WORK INSTRUCTIONS =
Everything in the listing below should be repeated verbatim, apart from the pictures.
Segment Start: DATASET SECTION
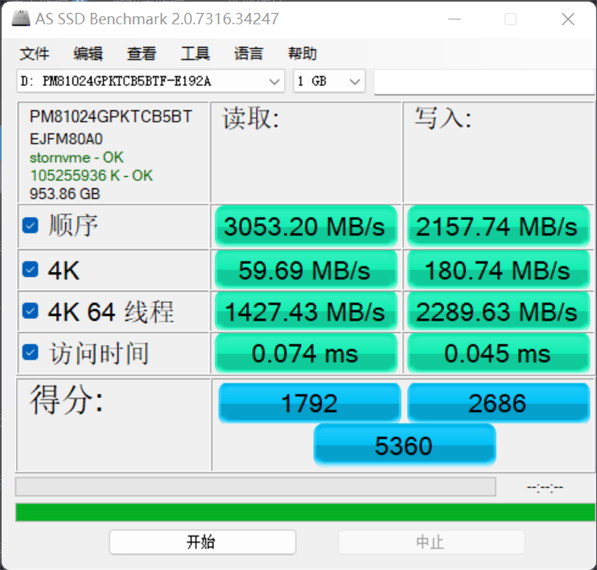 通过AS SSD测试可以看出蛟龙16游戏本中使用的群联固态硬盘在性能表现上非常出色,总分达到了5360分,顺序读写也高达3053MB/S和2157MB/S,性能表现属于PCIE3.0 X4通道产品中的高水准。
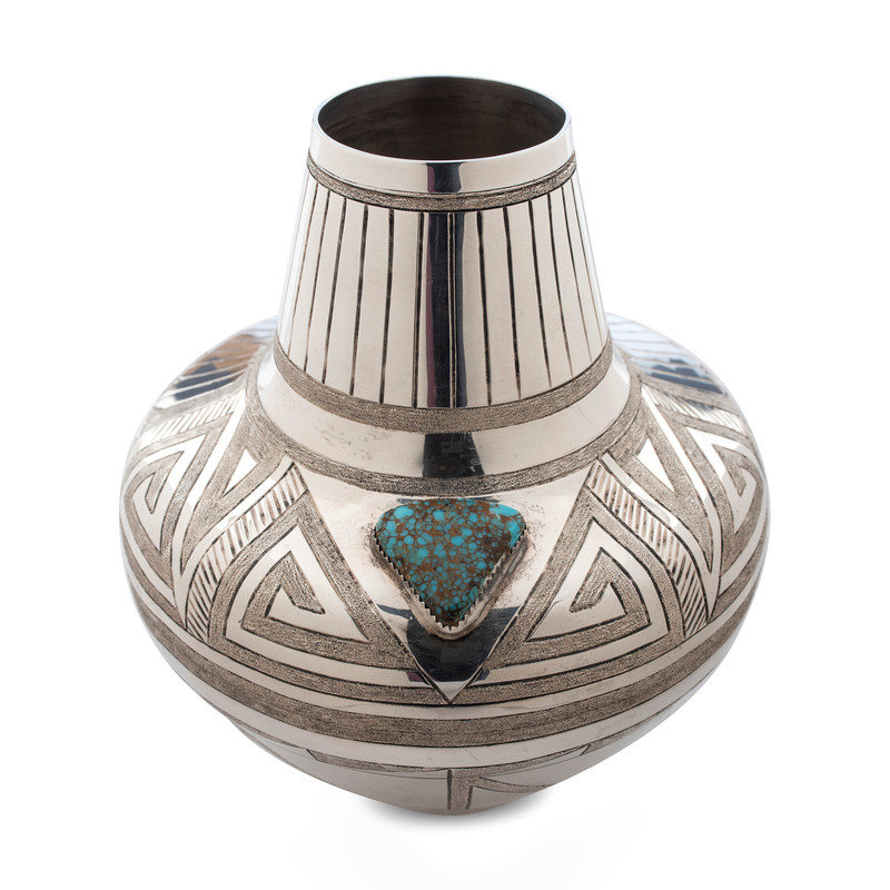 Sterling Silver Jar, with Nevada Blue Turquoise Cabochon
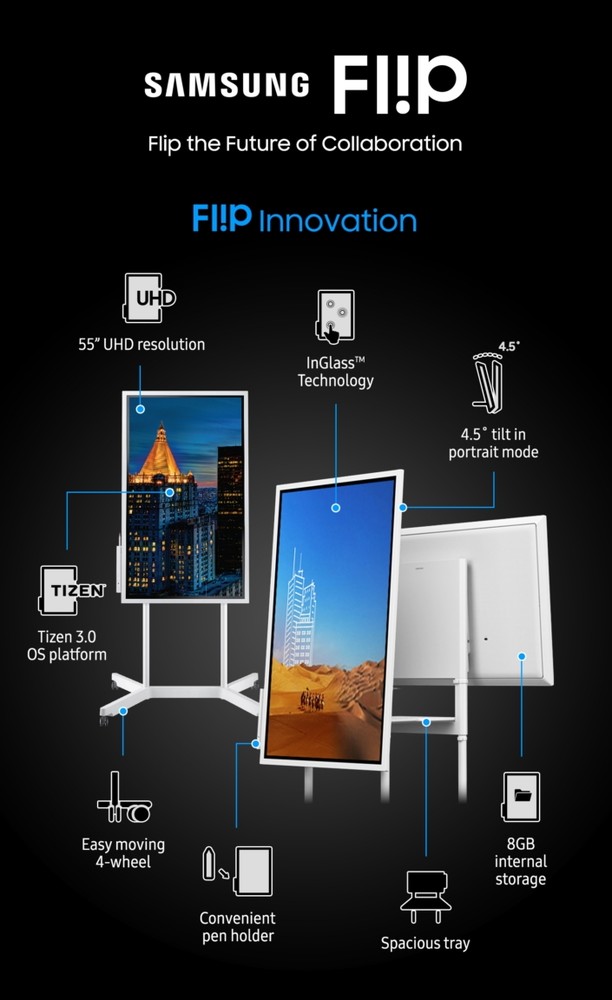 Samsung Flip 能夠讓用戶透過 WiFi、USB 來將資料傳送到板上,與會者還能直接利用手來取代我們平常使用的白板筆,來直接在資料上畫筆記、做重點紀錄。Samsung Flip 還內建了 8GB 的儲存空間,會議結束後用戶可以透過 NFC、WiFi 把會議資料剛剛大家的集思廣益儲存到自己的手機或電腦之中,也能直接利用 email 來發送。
Segment End: DATASET SECTION
EXERCISE RESULT =
 通过AS SSD测试可以看出蛟龙16游戏本中使用的群联固态硬盘在性能表现上非常出色,总分达到了5360分,顺序读写也高达3053MB/S和2157MB/S,性能表现属于PCIE3.0 X4通道产品中的高水准。
 Sterling Silver Jar, with Nevada Blue Turquoise Cabochon
 Samsung Flip 能夠讓用戶透過 WiFi、USB 來將資料傳送到板上,與會者還能直接利用手來取代我們平常使用的白板筆,來直接在資料上畫筆記、做重點紀錄。Samsung Flip 還內建了 8GB 的儲存空間,會議結束後用戶可以透過 NFC、WiFi 把會議資料剛剛大家的集思廣益儲存到自己的手機或電腦之中,也能直接利用 email 來發送。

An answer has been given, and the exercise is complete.